The mayor of Warren, Mich., is on pins and needles, wondering if his city's already-strapped budget will take a hit in the event that revenues from automakers – which make up 15 percent or more of the total – slide precipitously.
Much of America is watching to see if the ailing US auto industry will get the bailout it says it needs. But nowhere is the outcome more personal than in the factory towns of southeast Michigan, where nearly every job seems linked in one way or another to the auto industry, and where auto workers, suppliers, and retirees are biting their nails and assessing their options.
They're acutely aware of the negative perceptions of their industry – and in some cases are themselves critical, especially of top management. But many workers here harbor hope that, in the end, the rest of the country will come to sympathize with their plight or, at the least, decide that all the jobs on the line and the economic costs to America are too much to risk.
"If these companies go out of business, we'll lose a lot of the important jobs that give people a decent living and allow them to go to work with a smile on their face," says Warren Mayor James Fouts, whose city is home to the General Motors tech center, a GM powertrain plant, and two Chrysler plants, along with dozens of suppliers to the auto industry. "It's the little people who are going to be paying for this."
Tough economic times are hardly new to Michigan. The state has long been stuck in recession, has one of the highest foreclosure rates in the nation, and currently has an unemployment rate above 9 percent. But auto workers, even those who were around to see the previous tough times for the industry in the 1980s, say this is worse than previous downturns. And it's the first time they've seriously questioned if one of the Big Three might not make it.
Many wonder if the model they always counted on – where employment at an auto company and membership in the United Auto Workers Union was a ticket to a middle-class lifestyle and a secure future and retirement – is finally coming to an end.
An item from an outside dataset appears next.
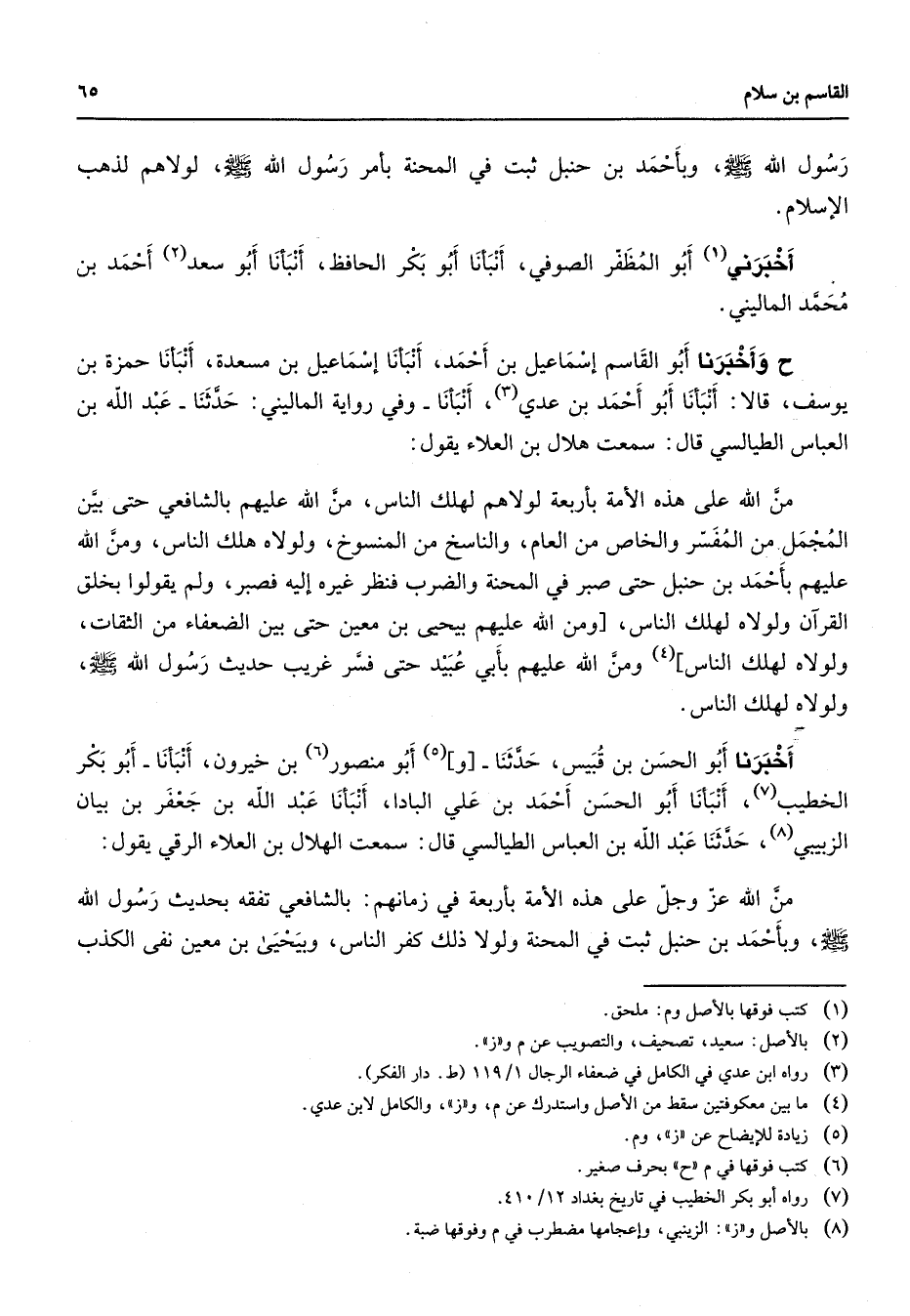 رسول الله (صلى الله عليه وسلم) وبأحمد بن حنبل ثبت في المحنة بأمر رسول الله (صلى الله عليه وسلم) لولاهم لذهب الإسلام أخبرني (1) أبو المظفر الصوفي أنبأنا أبو بكر الحافظ أنبأنا أبو سعد (2) أحمد بن محمد الماليني وأخبرنا أبو القاسم إسماعيل بن أحمد أنبأنا إسماعيل بن مسعدة أنبأنا حمزة بن يوسف قالا أنبأنا أبو أحمد بن عدي (3) أنبأنا وفي رواية الماليني حدثنا عبد الله بن العباس الطيالسي قال سمعت هلال بن العلاء يقول من الله على هذه الأمة بأربعة لولاهم لهلك الناس من الله عليهم بالشافعي حتى بين المجمل من المفسر والخاص من العام والناسخ من المنسوخ ولولاه هلك الناس ومن الله عليهم بأحمد بن حنبل حتى صبر في المحنة والضرب فنظر غيره إليه فصبر ولم يقولوا بخلق القرآن ولولاه لهلك الناس ومن الله عليهم بيحيى بن معين حتى بين الضعفاء من الثقات ولولاه لهلك الناس (4) ومن الله عليهم بأبي عبيد حتى فسر غريب حديث رسول الله (صلى الله عليه وسلم) ولولاه لهلك الناس أخبرنا أبو الحسن بن قبيس حدثنا و (5) أبو منصور (6) بن خيرون أنبأنا أبو بكر الخطيب (7) أنبأنا أبو الحسن أحمد بن علي البادا أنبأنا عبد الله بن جعفر بن بيان الزبيبي (8) حدثنا عبد الله بن العباس الطيالسي قال سمعت الهلال بن العلاء الرقي يقول من الله عز وجل على هذه الأمة بأربعة في زمانهم بالشافعي تفقه بحديث رسول الله (صلى الله عليه وسلم) وبأحمد بن حنبل ثبت في المحنة ولولا ذلك كفر الناس وبيحيى بن معين نفى الكذب

"In the 31 years I've put in, this is the worst I've seen," says Ms. Kelly-Smith, a third-generation GM worker who retired a year ago, along with her husband. Together, the two earn about $70,000 from their pension, and Kelly-Smith isn't sure what she'll do if that disappears. Her husband recently had a stroke, and their home isn't yet paid off.
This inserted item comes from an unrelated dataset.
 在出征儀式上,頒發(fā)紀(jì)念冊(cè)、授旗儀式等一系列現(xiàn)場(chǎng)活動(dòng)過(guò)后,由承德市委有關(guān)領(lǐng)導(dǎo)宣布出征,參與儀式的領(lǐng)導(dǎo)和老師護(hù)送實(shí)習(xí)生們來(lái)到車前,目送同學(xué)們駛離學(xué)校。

"I'd have to go back on the job market and compete with the young folks," she says. "I thought I was secure if I stayed there, and did a decent job, and kept my health – that when I did retire that's when the good years would begin…. It's so frightening to think that all the time you've put in can just be washed away."
Right now, GM is in the worst shape of the three automakers and appears unlikely to make it to January without help. Ford is the most likely to make it on its own, while Chrysler is the hardest to gauge, since it is owned largely by Cerberus, a private-equity firm, says Don Grimes, an economist at the University of Michigan.